Elmalılı (sadeleştirilmiş - 2)
Çünkü onlar vaktiyle varlık içinde azıtmışlardı.
Seyyid Kutub
Çünkü onlar, bundan önce varlık içinde şımartılmış olanlardı.
Gültekin Onan
Çünkü onlar bundan evvel şehvetlerine düşkündüler.
Hasan Basri Çantay
Çünki onlar, bundan önce (ni'metler içinde) şımartılmış kimseler idiler.
Hayrat Neşriyat
Çünkü onlar; bundan önce refahla şımarmışlardı.
İbni Kesir
Çünkü, geçmişte onlar kendilerini tamamen hazlara kaptırmışlardı,
Muhammed Esed
(44-46) (O gölge) Ne soğuktur, ne de fâidelidir. Çünkü, şüphe yok onlar bundan evvel nîmetlere (zevklerine) düşkünler idiler.
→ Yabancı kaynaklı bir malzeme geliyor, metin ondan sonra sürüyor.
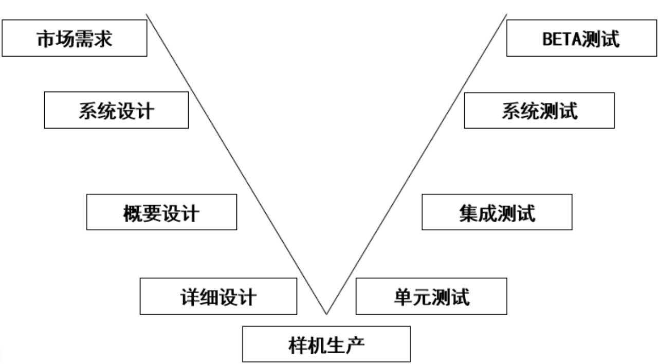 根據研發的具體活動提煉出了產品開發的V”字模型。V字左側的每一個活動都有右側對應的測試手段來保證,每個測試的側重點不同,層層迭進。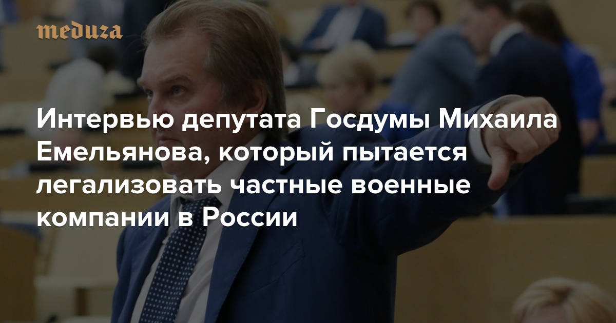 «Тот, кто едет на войну идейно, заслуживает уважения» Интервью депутата Госдумы Михаила Емельянова, который пытается легализовать частные военные компании в России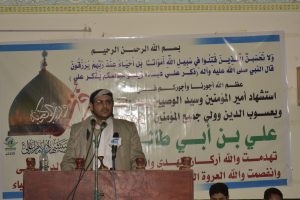 جدد الأمين العام للملتقى الإسلامي تأكيده بأن الانتماء إلى الإمام علي (ع) والإمام زيد (ع) وجميع أئمة أهل البيت (ع) والانتماء إلى منهجيتهم يجب أن تطبق في الواقع العملي وأنه يجب أن يتحرك الجميع لدفع الظالمين وأطرهم على الحق أطرى كما قال النبي (ص) وآله مشيرا إلى أن الشعب اليمني اليوم يواجه أئمة الكفر أمريكا وإسرائيل وبريطانيا وعملائهم في المنطقة .
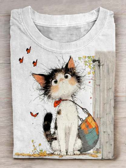 Cat Art Print Casual Short Sleeve T-shirt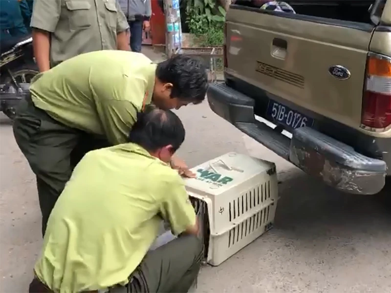 Hiện lực lượng chức năng đã bắt và di dời sáu con khỉ trong đàn khỉ đại náo ở quận 12. Ảnh NT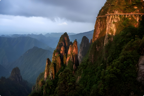13:00 前往走上层栈道,可以走路,也可以体验垂直观光电梯(电梯不含在大门票里面,自由选择,自理费用:单程40元/人),五指峰核心景区,悬崖栈道,莽山新十景,一一亮相在你眼前,景区内的崖子石(又名天台山),山势雄伟,气势磅礴,崖险谷幽,奇峰怪石遍布。雨后放晴时节,这时云雾缭绕,恍若人间仙境。这里富含着悠久的文化,不腐女尸之谜更令人神秘莫测。该景区主要有仙掌峰、童子峰、金鞭神柱、伟人会观音、东天门、天南第一险、小华山、仙韭菜坡、杜鹃林、观音堂、天台寺、千年红豆杉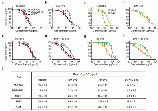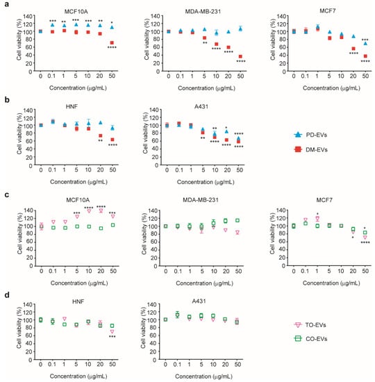 3.3. Cytotoxic Effects of EVs against Various Cell Types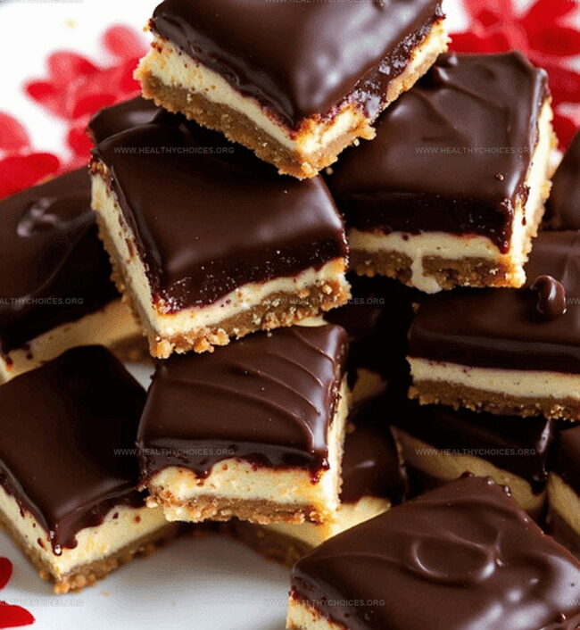 - Finishing Touch: Slice the chilled cheesecake into 64 bite-sized squares, carefully dip each piece into the cooled chocolate ganache for complete coverage, and arrange on a parchment-lined tray to set in the freezer until the chocolate shell becomes crisp.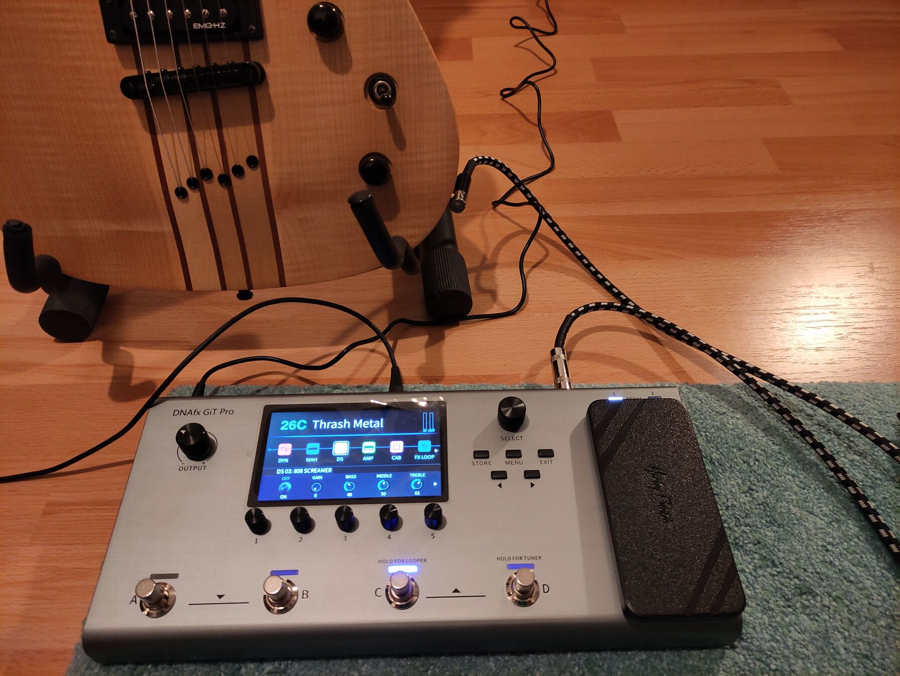 Megtekergettem ma a DNAfx GiT Pro-t. Eddig nagyon tetszik, sokkal használhatóbb hangokat lehet belőle kihozni, mint a Zoomból. Egyébként semmi varázslat nincs benne, van egy fix lánc: dinamika-wah-drive-amp-cab-fxloop-zajzár-eq-mod-reverb-delay, aztán ezeket lehet paraméterezgetni és ki-be kapcsolgatni presetenként (a sorrendben nem vagyok biztos). Szóval ebből a szempontból még a Zoomnál is butább, de nekem jó ez így, legalább nem rontom el a sorrendet.

Ve büyük günah üzerine ısrar eder olmuşlardır.
Ömer Nasuhi Bilmen
Çünkü onlar bundan önce (dünyada iken) varlık içinde şımartılmışlardı.
Ömer Öngüt
Çünkü onlar, bundan önce sorumsuzca ve konfor içinde yaşıyorlardı.
Şaban Piriş
Çünkü onlar dünyada iken refah içinde şımarırlardı.
Suat Yıldırım
Çünkü onlar bundan önce varlık içinde şımartılmışlardı.
Süleyman Ateş
Çünkü onlar, bundan önce varlık içinde şımartılmış olanlardı.
Tefhim-ul Kuran
Çünkü onlar evvelce varlık içinde şımarmışlardı.
Ümit Şimşek
Çünkü şomluk yâranı, bundan önce servet ve refahla şımaranlardı.
Yaşar Nuri Öztürk
Çünkü onlar, dünyada nimet içinde yüzüyor ve istedikleri gibi yaşıyorlardı.
Abdullah Parlıyan
(42-46) İçlerine işleyen bir ateş ve kaynar su içinde serin ve hoş olmayan kapkara dumandan bir gölge altındadırlar. Çünkü onlar bundan önce, varlık içinde sefahete dalmışlardı. Büyük günahı işlemekte ısrar edip dururlardı.
Bayraktar Bayraklı
Çünkü onlar, bundan önce (dünyada varlık içinde) şımartılmış kimselerdi.
Cemal Külünkoğlu
Çünkü onlar, bundan önce varlık içinde şımartılmış olanlardı.
Kadri Çelik
Çünkü onlar, dünyada iken hiçbir ahlâ kî kaygı taşımadan zevk ve refah içinde pek şımarıktılar.
Ali Ünal
Çünkü onlar, bundan önce varlık içinde şımartılmış kimselerdi.
Harun Yıldırım
Çünkü onlar geçmişte refah içinde şımarıp azmıştılar;
Mustafa İslamoğlu
Çünkü onlar, bundan önce varlıkla şımarmış olanlardı.
Sadık Türkmen
Onlar dünyada iken kendilerini seçilmiş, ayrıcalıklı görenler olup.
İlyas Yorulmaz
Muhakkak ki onlar, daha önce mutrafi idiler (varlık içinde zevklerine dalmışlardı).